‘Laughing just to keep from crying’ – Rory Gallagher, “Bullfrog Blues”.
I was dressed as Captain America all day yesterday. After some pre-gaming at my house, some friends and I went to a house party. They had savory croissants with meat, lettuce and cheese. I ate five of them and no one even noticed. I danced through the house to Rock Lobster by the B52’s. We bar hopped the rest of the night, until closing.
Today I watched the documentary Maidentrip about Laura Dekker who was the youngest person to sail solo around the world. Her story is very inspiring. Strong, independent, and a complete badass. That’s the kind of person I want to become. She went through some things I can relate to.

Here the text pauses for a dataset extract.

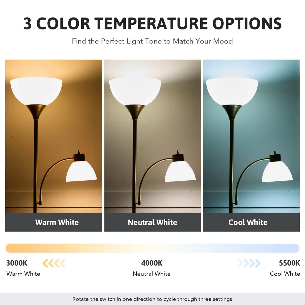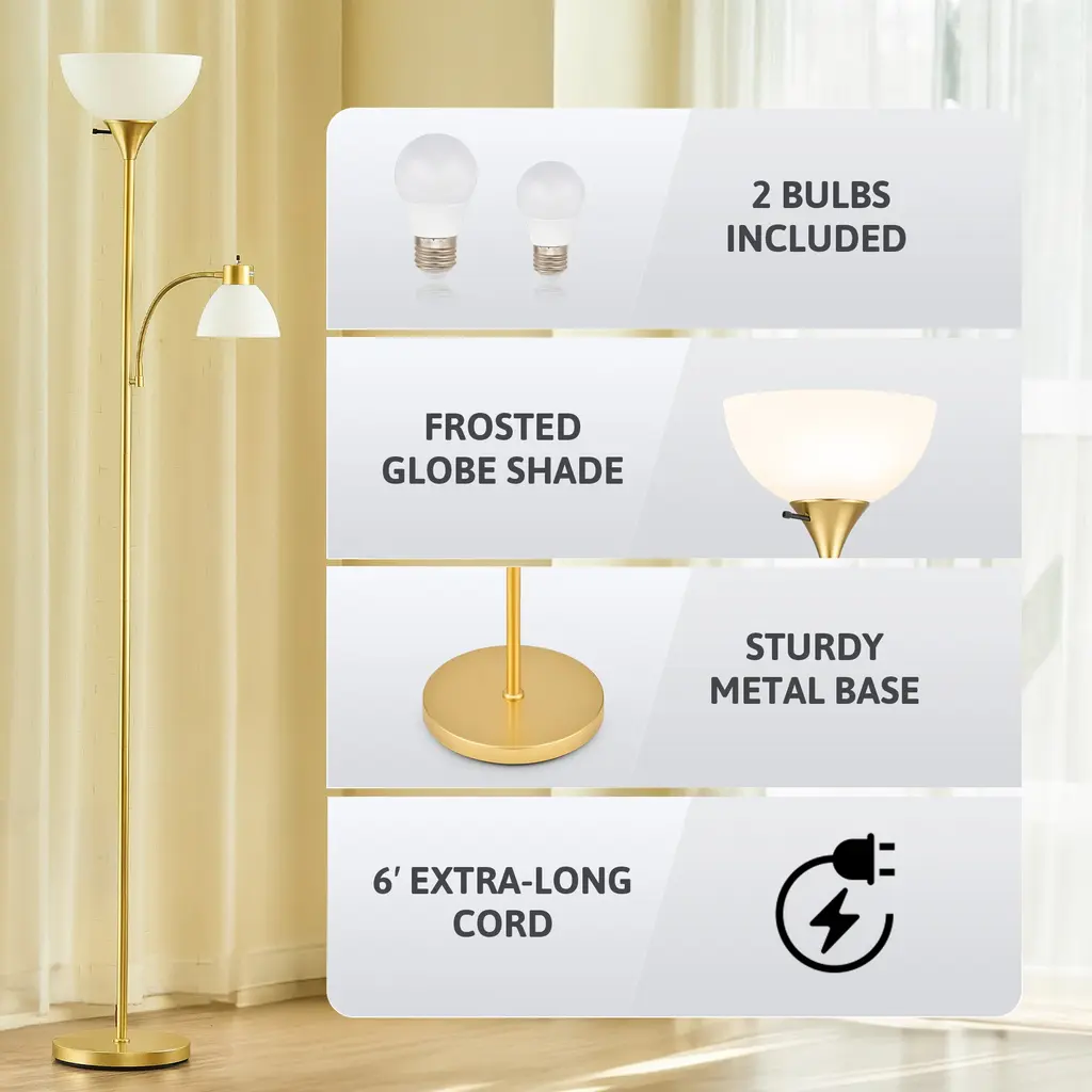 Whether you want to brighten up a corner or add a practical decorative piece to your living space, this 71" torchiere floor lamp has you covered. The beautifully curved upper torchiere features a frosted white bowl shade that gently diffuses warm, ambient light, creating an inviting atmosphere perfect for relaxation or entertaining. Beneath it, the adjustable gooseneck reading lamp, adorned with a matching dome shade, provides focused illumination exactly where you need it—ideal for cozy reading nooks or workspaces. This exquisite lamp is more than just a lighting solution; it's a statement of style that enhances modern and transitional interiors alike.FeaturesDimensionsPackage List

Although my own transformation is still in progress, I feel like I’ve made a lot of progress in the last eleven months.
I try to stack up all of the baller things I’ve accomplished: living and working in America; driving my dream car; adventuring; and travelling (even as far as Costa Rica in eighteen days!). Playing soccer and trying to stay in shape. Partying with friends until the bars close. Dancing. I’ve got it together. I can manage the things that need tending to. I handle those responsibilities one at a time, shutting everything else down while I tackle a particular problem.

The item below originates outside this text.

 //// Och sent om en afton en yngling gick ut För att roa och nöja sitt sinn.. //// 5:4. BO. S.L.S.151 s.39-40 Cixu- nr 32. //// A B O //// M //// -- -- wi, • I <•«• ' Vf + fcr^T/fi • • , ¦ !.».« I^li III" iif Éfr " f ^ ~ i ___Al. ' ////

A feeling has been creeping up on me. I’m not homesick because I don’t miss Australia. I’m in a kind of fight or flight mode. Just when I think I’m okay, and swimming along, something will happen that threatens to pull me under. Usually money problems, like an unexpected bill. I impulse buy Nutella one time, and spend weeks fighting the resulting breakout. I notice how small my arm muscles have become. I’m treating these little frustrations as emergencies. I think it might be a while until I’m no longer in that state of mind. In the meantime, I’m trying to minimize disruptions to the fragile stability I have.
Sometimes it’s tricky to see the big picture of what I’m doing, and what I’m about. I know I’m headed for greatness, and while I might not have a nautical charts to guide me, I have enough confidence to keep moving, even when the wind isn’t with me.